Considerable evidence indicates that the acute and chronic actions of psychomotor stimulants (e.g. cocaine and amphetamine), as well as of other drugs of abuse, involve modulation of neurotransmission in mesolimbic and nigrostriatal dopamine systems. Our previous studies have revealed that a family of substrates for cAMP-dependent protein kinase, including DARPP-32, RCS (Regulator of Calmodulin Signaling, previously termed ARPP-21), and ARPP-16, are highly enriched in medium spiny neurons of the basal ganglia, including the neostriatum and nucleus accumbens. Our ongoing research has also identified a new member of this family of striatal phosphoproteins as RaplGAP, a protein involved in the control of the small GTPase Rap. Other ongoing work has identified critical roles for novel isoforms of the serine/threonine protein phosphatase PP2A in control of the nucleo-cytoplasmic trafficking of DARPP-32, a process that is critical for the ability of DARPP-32 to mediate the actions of pyschostimulants. Moreover, we have found that ARPP-16 interacts with and may act to inhibit PP2A. Since the serine/threonine protein phosphatase, PPI, is a direct target for DARPP-32, and RCS controls PP2B activity indirectly, this work indicates that dopamine action in striatal neurons is likely to be largely mediated via the control of protein phosphatases. To address questions raised by these ongoing studies we propose two broad Specific Aims in Project 3 of the Program Project Grant.

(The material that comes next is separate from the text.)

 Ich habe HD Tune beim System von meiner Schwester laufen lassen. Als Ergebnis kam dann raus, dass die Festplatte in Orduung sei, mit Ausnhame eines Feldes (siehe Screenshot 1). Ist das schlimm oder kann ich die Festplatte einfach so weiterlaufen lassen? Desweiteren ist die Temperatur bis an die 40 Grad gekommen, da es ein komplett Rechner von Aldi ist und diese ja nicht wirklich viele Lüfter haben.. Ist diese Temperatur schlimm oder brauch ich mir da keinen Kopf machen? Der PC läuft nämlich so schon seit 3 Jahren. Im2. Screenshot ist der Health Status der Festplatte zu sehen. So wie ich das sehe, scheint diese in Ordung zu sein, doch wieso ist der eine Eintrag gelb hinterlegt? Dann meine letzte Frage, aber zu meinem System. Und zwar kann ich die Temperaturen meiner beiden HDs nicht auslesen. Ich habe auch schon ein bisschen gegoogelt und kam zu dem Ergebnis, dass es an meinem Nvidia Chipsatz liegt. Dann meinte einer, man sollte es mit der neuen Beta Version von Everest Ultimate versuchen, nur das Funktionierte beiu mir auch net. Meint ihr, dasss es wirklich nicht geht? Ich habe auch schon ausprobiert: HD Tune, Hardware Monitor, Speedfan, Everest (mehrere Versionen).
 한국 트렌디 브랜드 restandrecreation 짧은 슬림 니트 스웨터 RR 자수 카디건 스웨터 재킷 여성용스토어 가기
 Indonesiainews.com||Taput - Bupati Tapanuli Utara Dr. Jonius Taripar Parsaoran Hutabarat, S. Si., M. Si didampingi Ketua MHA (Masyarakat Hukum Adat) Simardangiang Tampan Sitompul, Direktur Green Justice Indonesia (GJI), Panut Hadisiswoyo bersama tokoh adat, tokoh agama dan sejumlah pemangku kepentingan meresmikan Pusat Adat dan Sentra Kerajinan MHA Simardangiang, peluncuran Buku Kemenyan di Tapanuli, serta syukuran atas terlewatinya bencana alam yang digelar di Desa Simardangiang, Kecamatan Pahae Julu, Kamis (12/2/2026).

In Aim I we will study the role of Rap GTPase, and its modulators RapGAP and EPAC in the actions of psychostimulants.
In Aim II we will study the role of novel isoforms of PP2A in the actions of psychostimulants.
Aim II will also include analysis of novel functions of PPI isoforms, the targets for DARPP-32 in striatal neurons. Results from our studies will complement the other two Projects of this Program Project grant. In addition, we will also carry out a number of collaborative studies with Projects 1 and 2, including studies of WAVEI phosphorylation with Project 1 and phosphoproteomic studies of mGluRS-dependent signaling in striatal neurons.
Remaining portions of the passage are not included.